AVAILABLE DATA
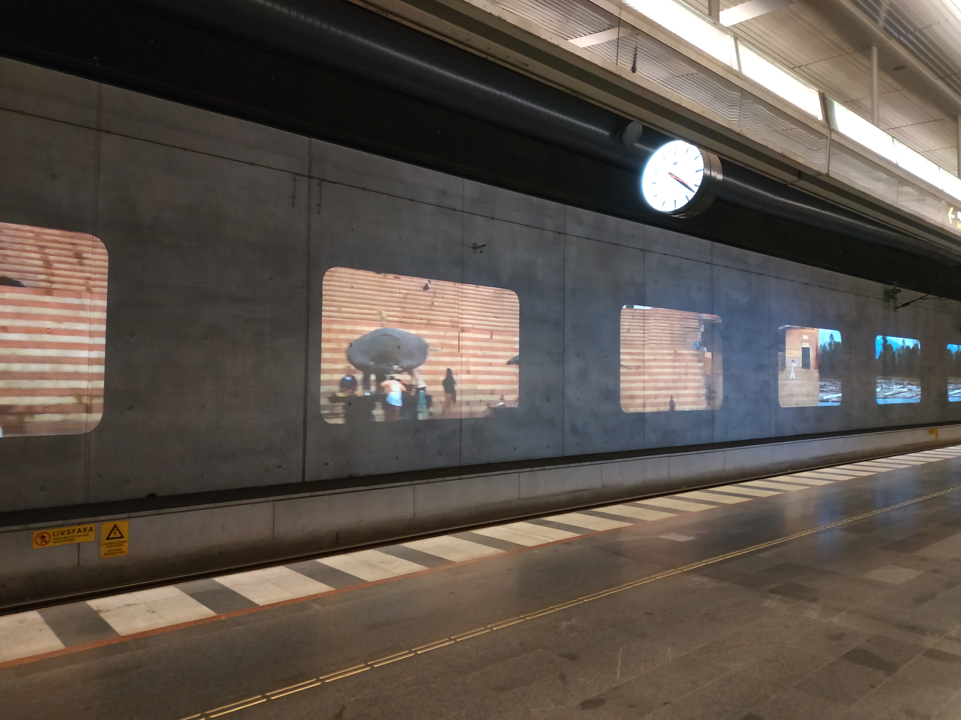 À la gare de Malmö, en station souterraine, pas de panneaux publicitaires mais des écrans qui ouvrent sur le film continu de nouveaux paysages (j’ai cru reconnaître les rives du Gange).
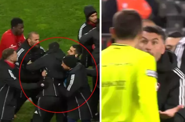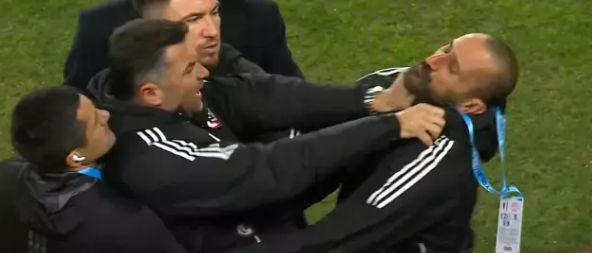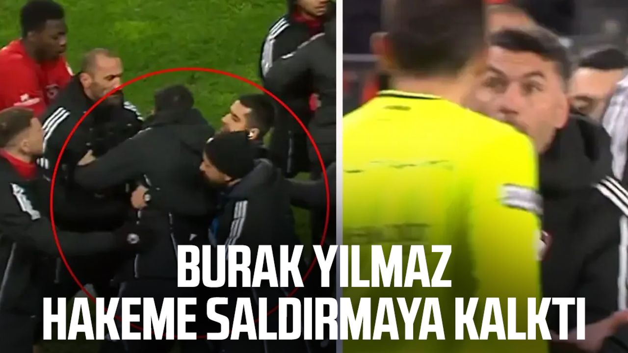 Sinirlerine hâkim olmakta zorlanan Burak Yılmaz’ı yardımcıları güçlükle sakinleştirmeye çalışırken, genç teknik adamın sık sık hakemlere doğru yönelmeye çalıştığı ve kendisini tutan yardımcılarına tepki gösterdiği anlar kameralara yansıdı.
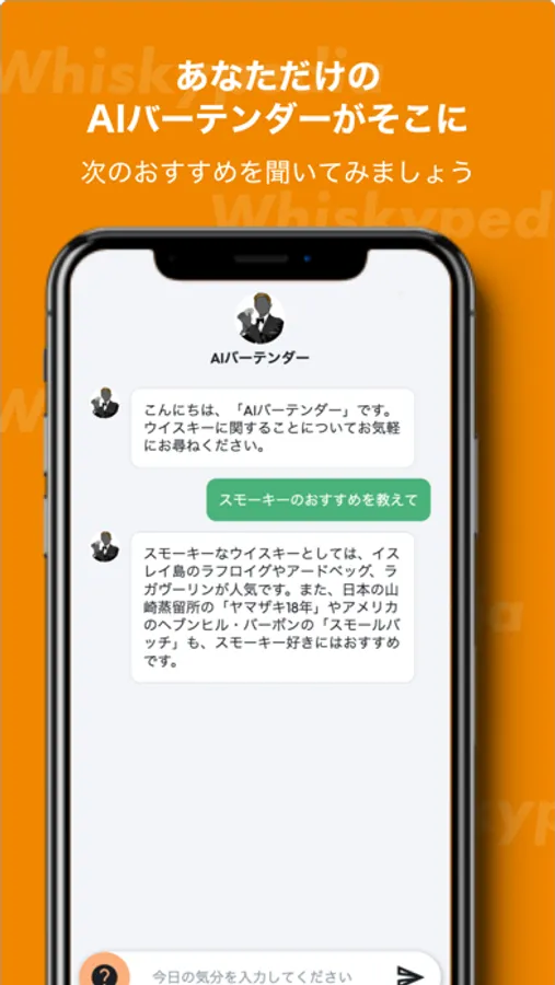 Chat GPTを活用した「AI バーテンダー」に、ウイスキーに関することを会話形式で質問できます。次のおすすめを聞いてみても良いかもしれません。

WHAT THE TASK REQUIRES
From the material above, write out exactly the lines from the line with "Sinirlerine hâkim olmakta" through the closing line, inclusive, and no pictures.

ANSWER
 Sinirlerine hâkim olmakta zorlanan Burak Yılmaz’ı yardımcıları güçlükle sakinleştirmeye çalışırken, genç teknik adamın sık sık hakemlere doğru yönelmeye çalıştığı ve kendisini tutan yardımcılarına tepki gösterdiği anlar kameralara yansıdı.
 Chat GPTを活用した「AI バーテンダー」に、ウイスキーに関することを会話形式で質問できます。次のおすすめを聞いてみても良いかもしれません。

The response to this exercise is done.